Par le 5 décembre 2017

Dans ce solo, Rochdi Belgasmi ressuscite le Tunis populaire et festif des années 20, ses chanteurs de cabaret, saltimbanques et danseurs travestis.

Les femmes n’ayant pas le droit de danser en public, les hommes s’emparaient des codes et des gestuelles féminins. Et la culture populaire encensait ces figures transgressives, à l’image d’Ouled Jellaba, alors très sollicité par le public de la Médina.

La libération des femmes, leur accès à l’espace public et aux scènes, a marginalisé et exclu ces danseurs, devenus réprouvés et éloignés des lieux qu’ils avaient animés.

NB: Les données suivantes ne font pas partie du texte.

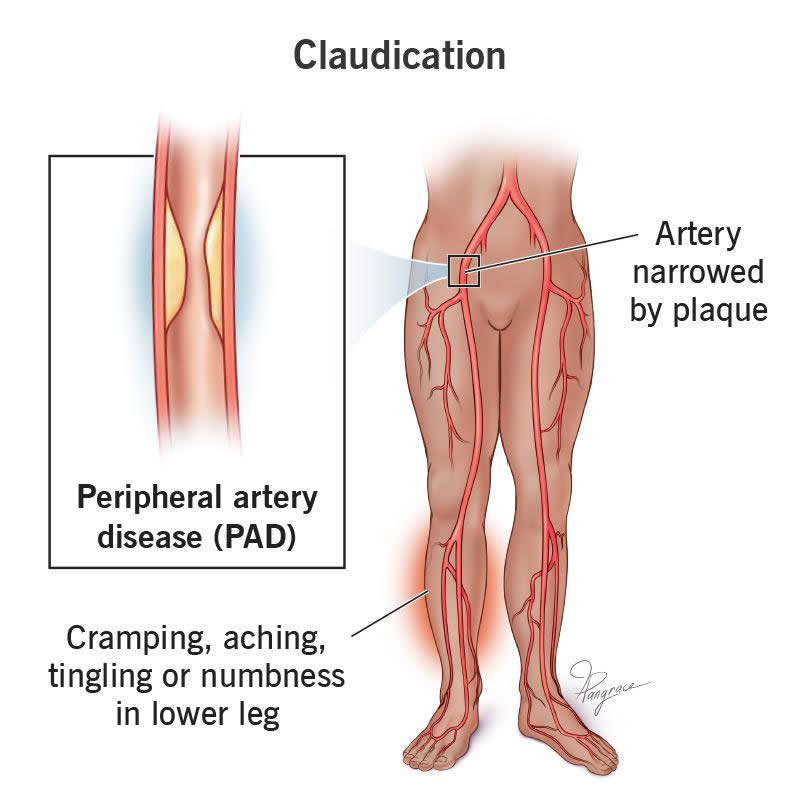 Claudication is a classic symptom of peripheral artery disease (a narrowing of the blood vessels in your legs) and atherosclerosis (hardening of the arteries). Peripheral artery disease and atherosclerosis increase your risk of heart attack and stroke.

Au travers de cet étonnant personnage de danseur, jongleur, chanteur, le chorégraphe-interprète interroge les tabous liés au genre dans la danse et la société tunisienne. Le public aura ainsi à découvrir à travers ce spectacle Tunis dans les années 20, à l’époque où les cafés chantants attiraient les foules avec des chanteurs, magiciens, acrobates et danseurs populaires. Des danseurs travestis y reprenaient des chorégraphies normalement dévolues à la gent féminine.

L’interdiction pour les femmes de danser en public ou dans les cafés chantants ouvrait un espace légitime à cette pratique du travestissement. Quand les femmes ont conquis le droit de danser et de chanter dans les cafés, ces danseurs travestis ont été ostracisés et relégués aux quartiers mal famés de Tunis. C’est à un de ceux-là que le chorégraphe tunisien Rochdi Belgasmi rend hommage dans Ouled Jellaba. Ce solo braque les lumières sur la question du genre et de la sexualité dans la pratique de la danse tunisienne.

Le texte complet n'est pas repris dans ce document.